# hurt and confused. -Venting -



## CanadianGuy (Jun 17, 2012)

About three to four weeks ago at my request I asked my wife for us to spend more time together. ( we actually spend none together at all ) I suggested she come on evening walks with me and the dog. As I take the dog for a walk every evening I thought it would be a good way to get together. I can say with confidence that although I ask every night she has come up with an excuse not to go over 80% of the time. Tonight before I left I said "are you coming for a walk with me? " Big silence and heavy sigh from her. Man that pissed me off. She had just got back with the kids from 5 days away from home and had been on one walk with me that ended with us arguing the night before. SO my feelings are hurt, feels like I'm making tons of effort to get our marriage back on track and she's sighing like I'm an inconvenience. And everything else she does is so much more important than spending time together.

So I go outside and she thens tells me how important getting the dishes done are and she'll go for a walk with me if I promise to help? WTF ? I said the walk was unconditional and it was so we could spend time together. At this point I'm taking it badly as my feelings are very hurt from the rejection so I was angry. Then she said she didn't want to go on a walk with a angry jerk. I told her to stop making me the bad guy in this and left. Then she tried to blame me again for not wanting to go on the walk when I got home. I told her she needs to own how she feels. I had nothing to do with her decision. Some BS about the dishes. 

I have been trying but I feel like it's all one sided here. I am so frustrated, hurt, confused, you name it. It totally sucks.


----------



## AFEH (May 18, 2010)

It sounds like your wife is using passive/covert aggression. Instead of thumping you with her fists or such to cause you pain, she uses psychology to cause you pain with your emotions.

Her passive aggression may be a response to her resentment for things you’ve done in the past or she may well be an aggressive type of person, either way her aggression is very wrong and never solved any problems.

She’s so obviously not interested in working with you to make your marriage a happy and healthy one. To make this happen requires that both partners are in love with one another and 100% committed to the marriage and the task of working on it. Without those things you’re spinning your wheels and wasting time, energy and money that you’ll get a better return on if you invest elsewhere.

With these types of situations you need an intervention, like major surgery. This requires outside help as you cannot carry out the operation because of how close you are to the problems and your lack of experience and expertise. See if you can get your wife to go on http://www.alphausa.org/Groups/1000056818/The_Marriage_Course.aspx. After 40 odd years with my wife I tell the modules at http://www.alphausa.org/Publisher/Article.aspx?ID=1000063050 are spot on.

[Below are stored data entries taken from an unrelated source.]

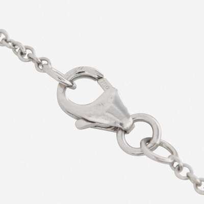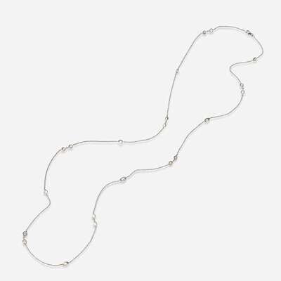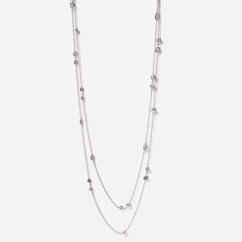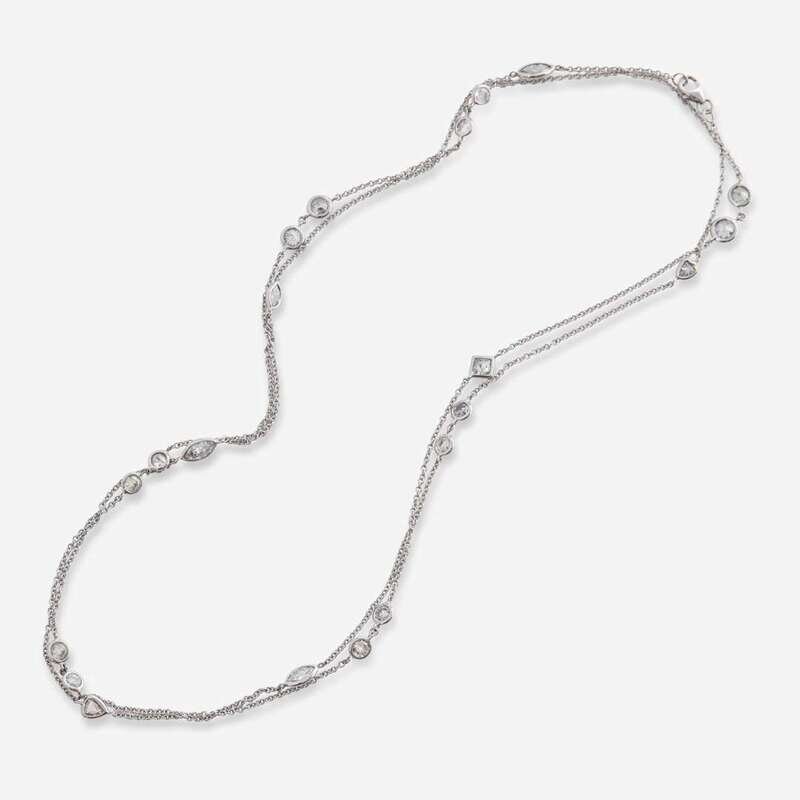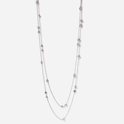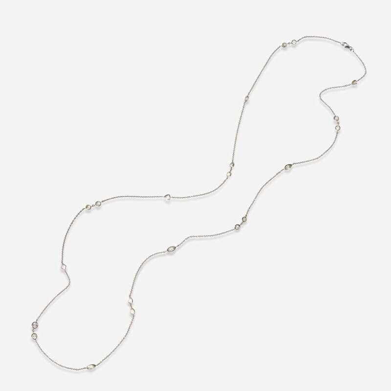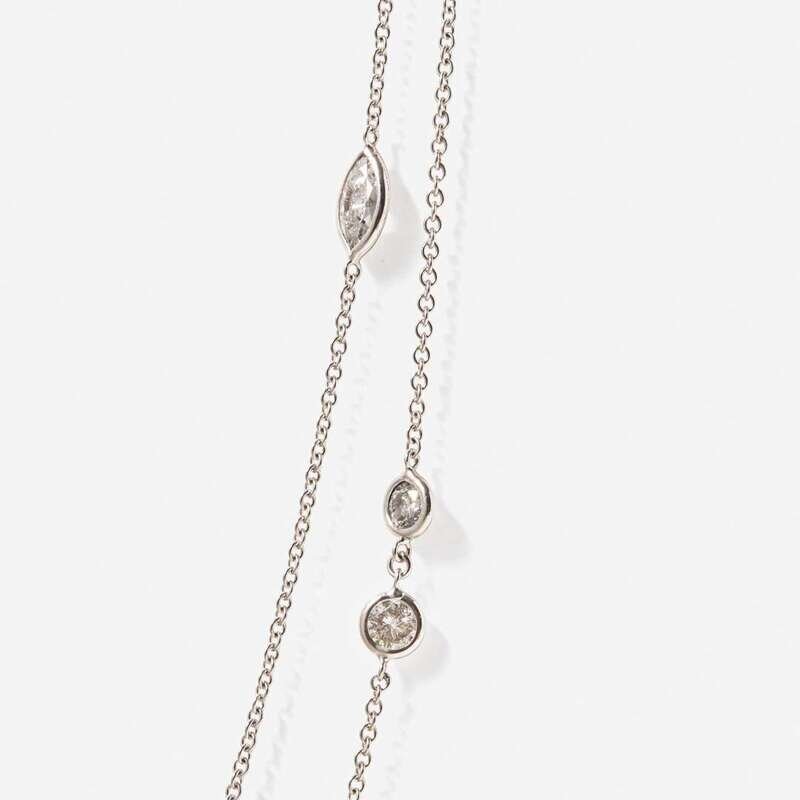 An 18K white gold station necklace, set with round brilliant-cut, marquise-cut, and princess-cut diamonds. Diamonds have faint color (K - M), with I clarity. Total estimated weight of diamonds: 7.95 carats.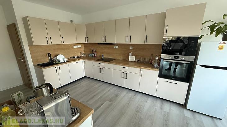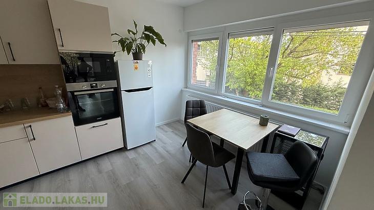 A lakás belső elosztása kiváló: világos, tágas terek jellemzik, amely otthonos környezetet teremt.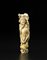 Scultura in avorio raffigurante Liu Hai in piedi, con volto sorridente e...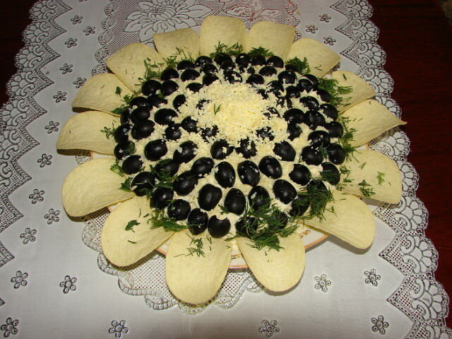 Начинаем собирать «Подсолнух». На плоскую тарелку выкладываем куриное мясо, делаем сеточку из майонеза. Следующий слой – грибы с луком. Их можно предварительно перемешать, если вы жарили отдельно. Опять сеточка майонеза. Затем белки –майонез, сыр –майонез. Последний слой – желтки. Немного оставьте для украшения серединки салата. На них выкладываем по кругу маслины. В центре немного посыпаем желтком, как у меня на фото. Далее чипсами по кругу выкладываем листочки подсолнуха.

If your wife will not attend such a course with you then if I were you I’d take that as a massive sign my marriage is over and my next step would be to serve her with divorce papers.


----------



## Sbrown (Jul 29, 2012)

CanadianGuy said:


> About three to four weeks ago at my request I asked my wife for us to spend more time together. ( we actually spend none together at all ) I suggested she come on evening walks with me and the dog. As I take the dog for a walk every evening I thought it would be a good way to get together. I can say with confidence that although I ask every night she has come up with an excuse not to go over 80% of the time. Tonight before I left I said "are you coming for a walk with me? " Big silence and heavy sigh from her. Man that pissed me off. She had just got back with the kids from 5 days away from home and had been on one walk with me that ended with us arguing the night before. SO my feelings are hurt, feels like I'm making tons of effort to get our marriage back on track and she's sighing like I'm an inconvenience. And everything else she does is so much more important than spending time together.
> 
> So I go outside and she thens tells me how important getting the dishes done are and she'll go for a walk with me if I promise to help? WTF ? I said the walk was unconditional and it was so we could spend time together. At this point I'm taking it badly as my feelings are very hurt from the rejection so I was angry. Then she said she didn't want to go on a walk with a angry jerk. I told her to stop making me the bad guy in this and left. Then she tried to blame me again for not wanting to go on the walk when I got home. I told her she needs to own how she feels. I had nothing to do with her decision. Some BS about the dishes.
> 
> I have been trying but I feel like it's all one sided here. I am so frustrated, hurt, confused, you name it. It totally sucks.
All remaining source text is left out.